With that in mind, we’ll go through the process a few times. One of the more interesting examples of a player’s input facilitating an experience is Gunstar Heroes. The game’s a first person experience, despite the heavy elements of third person setting. It makes this shift by putting the emphasis on the game design of power-ups. You have two power-up slots and one of them is set for the duration of playtime. The second can be picked up during a level and will change the way your gun works. There’s a pretty impressive array of strategies as a result of this that lets the player truly individualize his own approach to the game. Whereas one may prefer the weak but auto-targeting attack, another might opt for the light saber combination. What it adds to the experience itself is that the player-input gives two kinds of positive feedback because you’re relying on strategy and reflexes. You don’t beat Gunstar Heroes, you figure it out. And as a result, the game design features a remarkable shift in connection that improves it.

One of the more important virtues of a plot element is the creation of a proper setting for a game to take place in. Activision’s Western Third-Person game, Gun, captures the experience of being in the West by putting the player in a relatively inactive setting: the desert. Sacrificing game design for the sake of the feel of a Western, Gun allows the player to ride a horse through a very large, beautifully rendered Western hub system. Although it throws in the occasional bandit attack, large portions of the game are spent traveling to missions in this huge empty space. As a result, you really feel like you’re traveling in the West. The huge mountains of the Northern Rockies come alive as you both see them in the distance and climb around them on horseback. The experience may be a more sedate one for the player, but the long minutes spent riding through the mountains begin to have an odd cathartic element as you slowly learn your way around the hub. When you’re told bandits are attacking settlers out in the badlands, you dart down that familiar pass, leap a few cliffs, and manage to get there with plenty of time. The game takes it even further by having the player go through all of the typical “Western” activities as side missions. Working for Federal Marshalls, hunting down opium dealers, and delivering for the Pony Express may be quite basic in terms of gameplay but because the setting works them in so well, they take on new value, emphasizing the third person experience.

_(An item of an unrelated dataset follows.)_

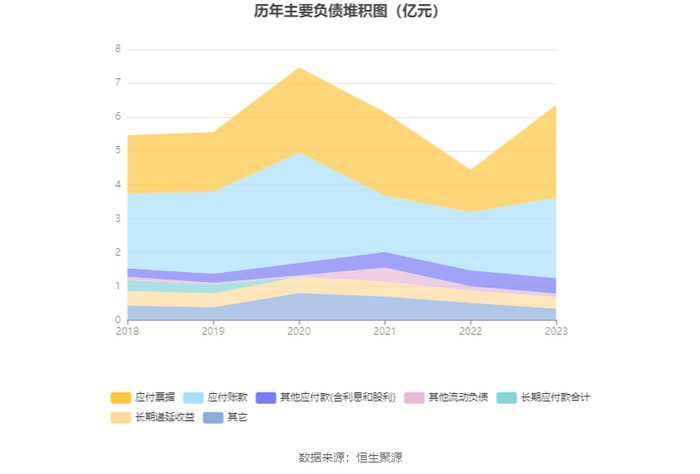 负债重大变化方面,截至2023年年末,公司应付票据较上年末增加119.40%,占公司总资产比重上升10.26个百分点;应付账款较上年末增加37.80%,占公司总资产比重上升2.82个百分点;租赁负债较上年末减少47.69%,占公司总资产比重下降1.15个百分点;其他流动负债较上年末减少21.37%,占公司总资产比重下降0.40个百分点。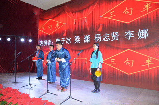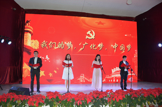 文藝匯演開始前,廣州化學全體領導班子成員走上舞臺向全體員工獻上了新春的祝福。文藝匯演在嘹亮的《 歌唱祖國 》中拉開了序幕,詩朗誦《我們的夢、廣化夢、中國夢》展現了廣化人頑強拼搏,為夢想不斷努力奮斗的精神;手語舞蹈《愛》勾起了大家滿滿的回憶;語言節目《三句半》引起了滿堂的歡聲笑語;獨舞《羞答答的玫瑰靜悄悄的開》,以優雅的舞姿為文藝匯演注入一股清新的暖流;吉他彈唱《成都》+《夜空中最亮的星》歌曲或深情款款、或歡快明朗,帶動了匯演的氣氛;《三人小人舞》不時地引得現場觀眾爆發出陣陣的笑聲和掌聲。節目過程中還穿插了抽獎環節與臺下觀眾進行了互動。

It is important to always remember that when a game takes away options and game design, there should be a concrete goal behind such omissions. An empty space can be as beautiful as a filled one. The same is true for game mechanics when their absence serves a purpose. An excellent example would be the indie game Knytt Stories, which can be downloaded for free here. Although its game design is 2D exploration, what makes it interesting is that there is no attack option. You dodge mostly passive creatures, gain access to new areas with power-ups, and generally explore a very sedate world that needs a little help. It’s a quicker game, but thanks to music and carefully changing tile sets, the player ends up being absorbed into the levels and appreciating it more. For a graphically minimalist Third-Person experience, it’s impressive that the game defines itself by the feeling of each area rather than dialogue or plot. It dismisses these elements all the more thoroughly by the absence of a major antagonist, the last boss is simply turning off a machine that has been causing problems. This simple relationship you develop with exploring the landscape creates an amazingly soothing game experience that feels more like solving a crossword puzzle than having a big battle.

The main virtue of applying the Zarathustran Analytics is that you’re looking at a game in terms of the big picture of overall experience. Just because a game doesn’t have a game design does not mean it cannot work well in terms of the story. Shadow of the Colossus may be a gigantic empty landscape, but this makes the game truly lonely and powerful one for the story’s setting. Just because a game doesn’t have a deep Shakespearean plot does not mean it shouldn’t be considered brilliant. The original X-Com was a clichéd plot of aliens invading Earth and the player defending it. The research tree, battles for funding, and ever dwindling allies in the United Nations made the game design induce real struggle in the player. The phase of the game where the invasion becomes so driven that you start picking out which countries you’re going to abandon is still one of the most personalized moments in video games. And fortunately, there are always new and exciting ways for player input to establish the connection that makes the video game experience possible. What this series, what the application of these ideas really means for video games, is to create an environment where game developers can really get to the good stuff.